2. The narrowing of the arterial lumens further exacerbates this by raising intraluminal pressure.
As a result, the small cerebral arteries become more fragile and prone to rupture, which may ultimately lead to ICH.

====Retinal detachment====
When blood pressure rises significantly, as in malignant hypertension or eclampsia, retinal arterioles can undergo fibrinoid necrosis, reducing blood supply to the choriocapillaris, which is responsible for nourishing the retinal pigment epithelium (RPE). Ischemia disrupts RPE function, compromises the blood-retinal barrier and causes fluid leakage into the subretinal space, and the development of exudative retinal detachment.

===Diagnostic value===
Fibrinoid necrosis serves as an important diagnostic clue in recognizing vascular pathologies, and helping to guide further investigation and treatment; for instance:
- In cases where symptoms suspicious of giant cell arteritis (GCA) are present, but a temporal artery biopsy reveals fibrinoid necrosis in small vessels branching from the temporal artery, and the absence of the typical GCA histological features, this discrepancy may suggest an alternative diagnosis, as the occurrence of fibrinoid necrosis in GCA is extremely rare.

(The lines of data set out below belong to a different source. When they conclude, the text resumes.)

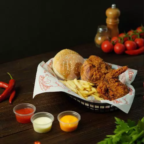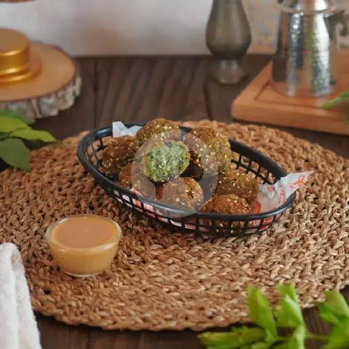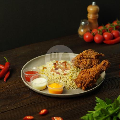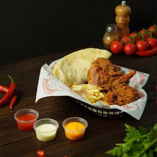 Herbs Chicken Khas Kebuli Tarim, Roti Khubus (Pita Bread), French Fries, Garlic Mayo, dan Saos Sambel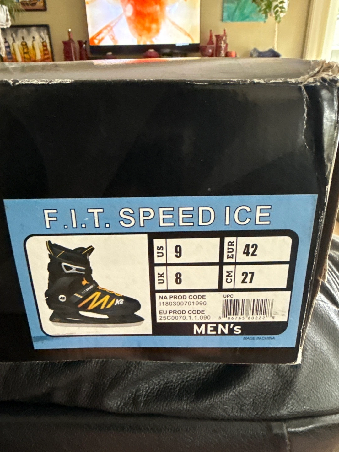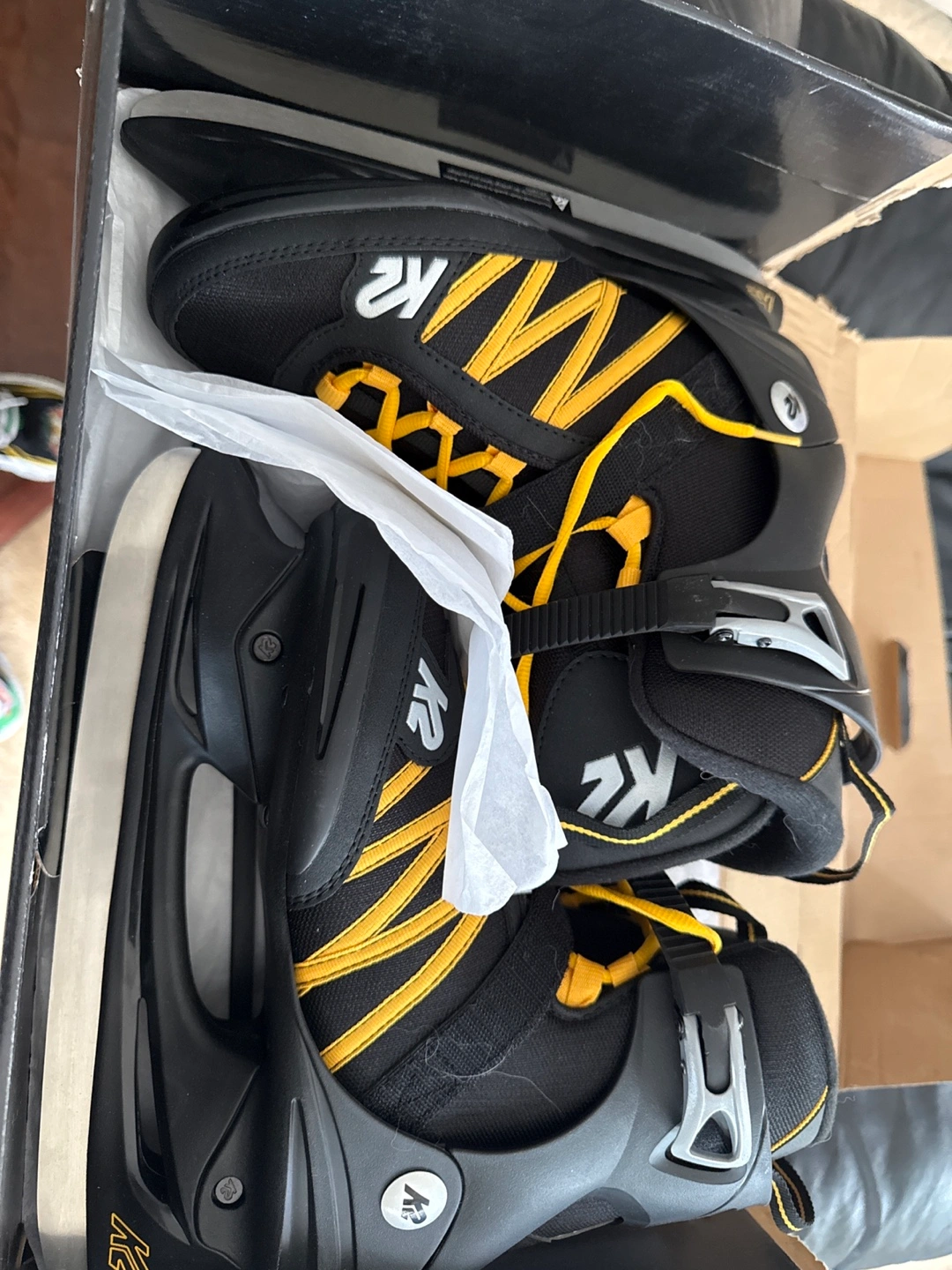 Selling a pair of K2 F.I.T. Speed Ice skates in men's size 9. They are black with yellow accents and come in the original box. Perfect for hitting the ice this winter!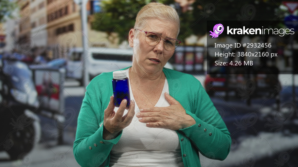 Woman middle age holding blue medicine bottle and clutching chest for heartattack on crowded urban street with cars and blurred storefronts behind her; health concern. - Kraken Images
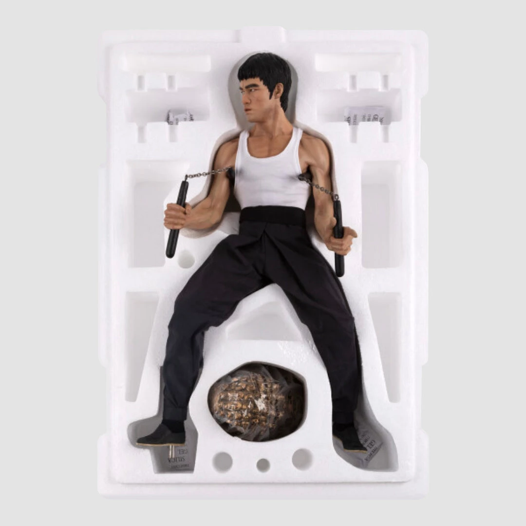Blitzway presents the Bruce Lee Tribute Statue (version 4) in the 1/4th scale Superb Scale Statue series. In this project, the Blitzway design & development team captures Bruce Lee’s signature charisma, full of controlled power. This statue features Bruce Lee’s highly realistic facial expression, his pose that looks like he is confronting the enemy, his rippling muscles sculpture, and two tightly held nunchucks. The stone textured base, engraved with his martial-arts moves, shows his fame as a martial-arts master.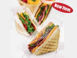 The Sandwich Wedge container’s upscale design promotes more attractive product merchandising that highlights the quality of its contents. The perimeter seal design of the containers provides increased product shelf life and better protection of its contents.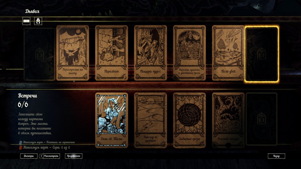 Поскольку каждое испытание является независимым приключением, то в начале новых странствий приходиться тщательно продумывать свою дорогу. Суть здесь в том, что перед каждым испытанием игрок может вложить в колоду встреч определенное число карт из своего набора, таким образом, определив те события и предметы, что будут попадаться ему на пути. Конечно, основа колоды, как и встречаемые враги, определяются непосредственно мастером игры, но та свобода, что дается игроку, позволяет подобрать набор карт, который будет максимально эффективным противовесом, уже лежащим в колоде картам. Благо перед стартом игра предупреждает о том, с какими сложностями предстоит столкнуться, и если по ходу потребуется много раз бросать кости, то выгодней взять кольцо шулера, увеличивающие результат броска на несколько пунктов. Только следует понимать, что порядок встреч и выпадения предметов может меняться, от чего наличие кольца не даст гарантии успеха, и многое зависит от выборов игрока в пути и его боевых навыков.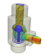Simulate water flowing through a hydraulic control valve. The valve is half open, so the goal is to find the pressure drop and flow distribution. |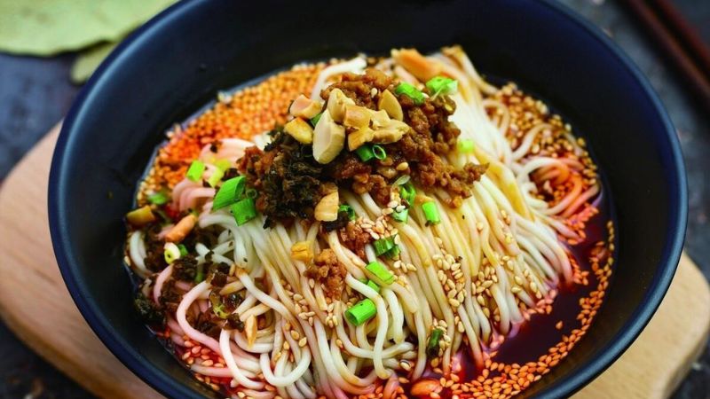 Đây là một trong những món ăn mang đậm phong cách của ẩm thực Tứ Xuyên. Món phở này nổi tiếng với sợi mì dai, nước sốt cay nồng đặc trưng từ dầu ớt và hoa tiêu. Món phở này người dân thường ăn kèm với thịt băm, đậu phộng rang và rau xanh, tạo nên hương vị béo - cay - mặn vô cùng hài hoà.
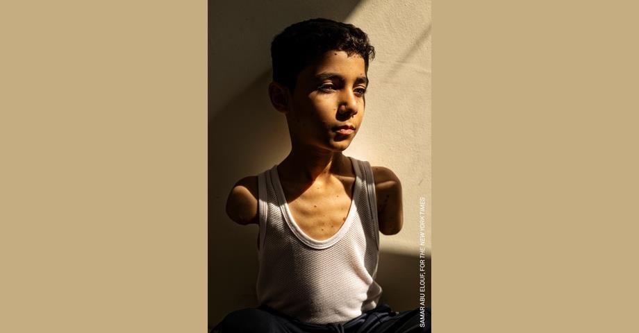 La photo représente un garçon palestinien de 9 ans, qui a perdu ses deux bras alors qu'il fuyait une attaque israélienne à Gaza. Il s'agit de Mahmoud Ajjour, évacué à Doha après qu'une explosion lui a arraché un bras et mutilé l'autre l'année dernière.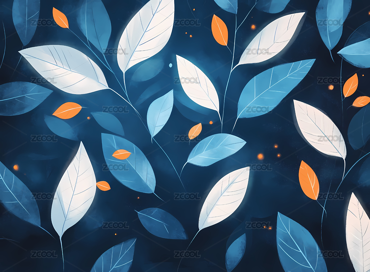 蓝色叶子图案图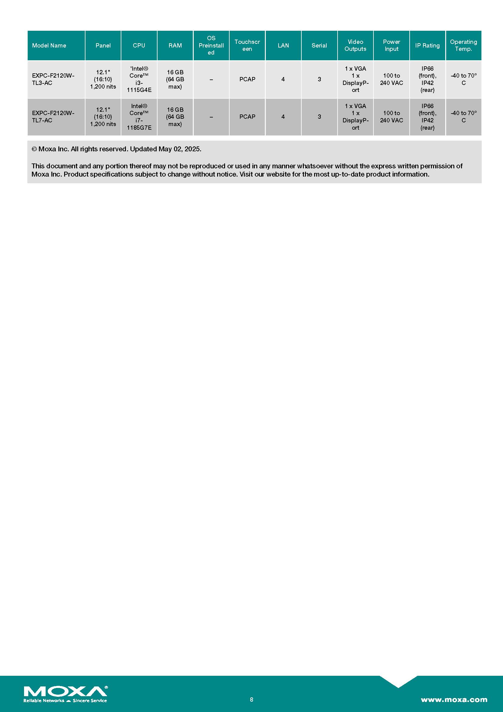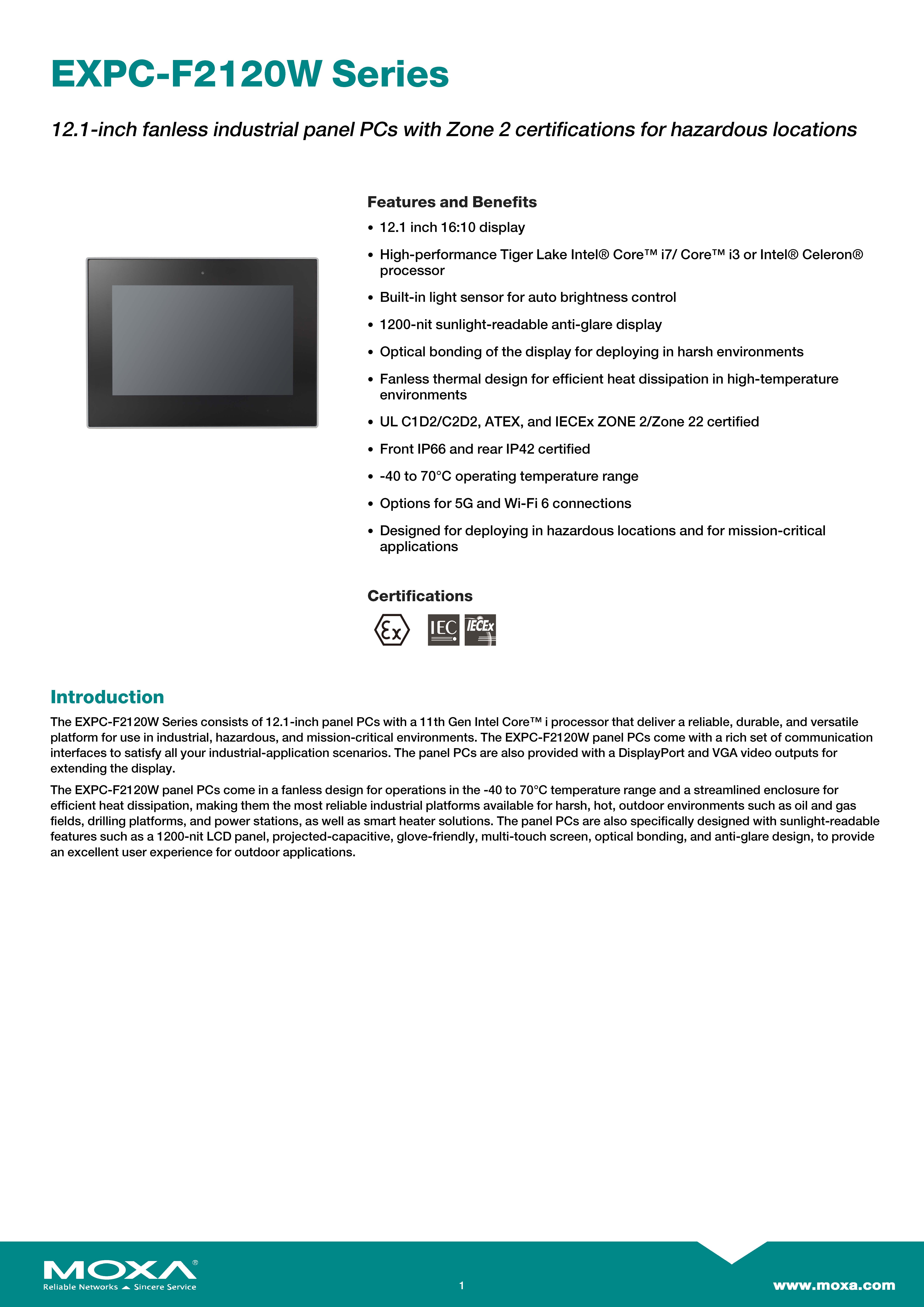 สินค้ายี่ห้อ MOXA รุ่น EXPC-F2120W-TL1-DC รายละเอียดสินค้า คอมพิวเตอร์หน้าจอสัมผัสระดับอุตสาหกรรมสำหรับพื้นที่อันตราย (Hazardous Area Panel PC) ขนาด 12.1 นิ้ว ขับเคลื่อนด้วยหน่วยประมวลผล Intel Celeron 6305E พร้อม RAM จุใจ 16 GB โดดเด่นด้วยหน้าจอสัมผัส Multi-touch (PCAP) ความสว่างสูงทะลุพิกัด 1200-nits ที่สู้แสงแดดจัดกลางแจ้งได้สบายๆ มาพร้อมพอร์ตเชื่อมต่อจัดเต็มทั้ง Gigabit LAN 4 ช่อง และพอร์ตซีเรียล 3 ช่อง ภายใต้ตัวเรือนอลูมิเนียมไร้พัดลมที่รองรับไฟเข้า 9-36 VDC ทนทานต่ออุณหภูมิสุดขั้วตั้งแต่ -40 ถึง 70°C พร้อมมาตรฐานกันน้ำกันฝุ่น IP66 (ด้านหน้า) และผ่านมาตรฐานความปลอดภัยระดับโลกขั้นสูงสุดทั้ง ATEX, IECEx Zone 2 และ UL C1D2/C2D2 ตอบโจทย์การเป็นหน้าจอสั่งการ (HMI) ขั้นเทพสำหรับงานแท่นขุดเจาะน้ำมัน โรงกลั่น และอุตสาหกรรมปิโตรเคมีได้อย่างสมบูรณ์แบบ ✅ ขอราคาพิเศษสำหรับงานโครงการติดต่อ Mobile : 063-879-9917 Line ID @aimonline *ราคาสินค้าอาจจะมีการเปลี่ยนแปลงโดยไม่แจ้งให้ทราบล่วงหน้า รบกวนติดต่อฝ่ายขายเพื่ออัพเดทราคา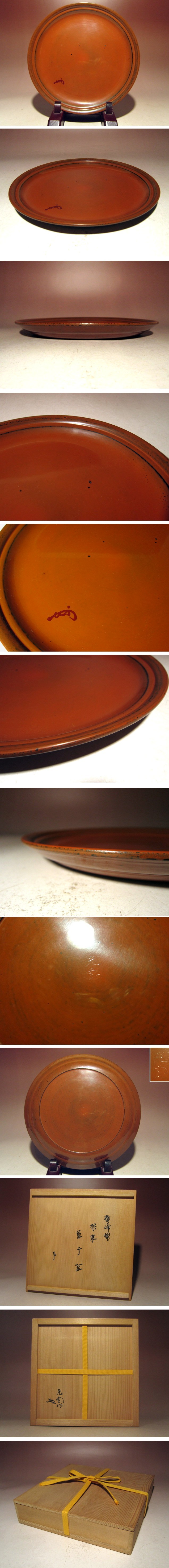 ※即決※ 山下光雪 鷹峰製 根来菓子盆★表千家即中斎割花押★u923 收藏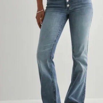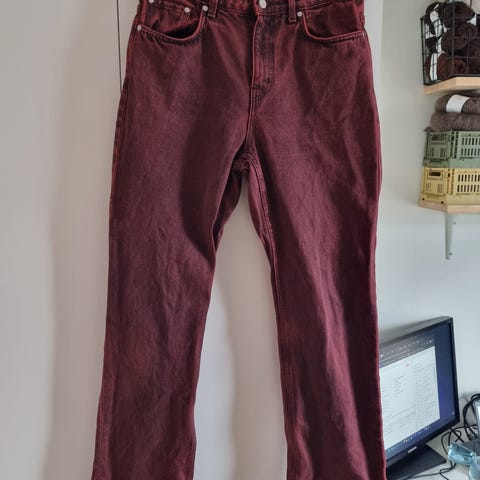 Brune jeans fra Never Denim i str W30L32.

Although ANCA-associated vasculitis primarily affects organs like the kidneys and lungs, it can rarely present with symptoms resembling GCA, and should be considered, particularly if the histological findings, such as the presence of fibrinoid necrosis, suggest this possibility.
- In order to establish a definitive diagnosis of leukocytoclastic vasculitis (LCV), histopathological confirmation through a skin biopsy is essential to differentiate LCV from other similar conditions. Histopathologically, LCV is defined by the following key features:
1. Neutrophilic infiltration in and around the vessel wall with leukocytoclasia.
2. Fibrinoid necrosis.
3. Vessel wall and tissue damage.
The lack of fibrinoid necrosis and inflammatory infiltration in the vessel may preclude the diagnosis of classic LCV, and necessitates further evaluation. However, these histological features tend to progress gradually over time, and a biopsy taken too early or too late might miss the "textbook" full-blown changes of LCV.

===Prognostic value===
Fibrinoid necrosis is included in the modified National Institutes of Health (NIH) activity index for lupus nephritis (LN), which is a scoring system used to assess the severity of LN based on histopathologic findings from kidney biopsies.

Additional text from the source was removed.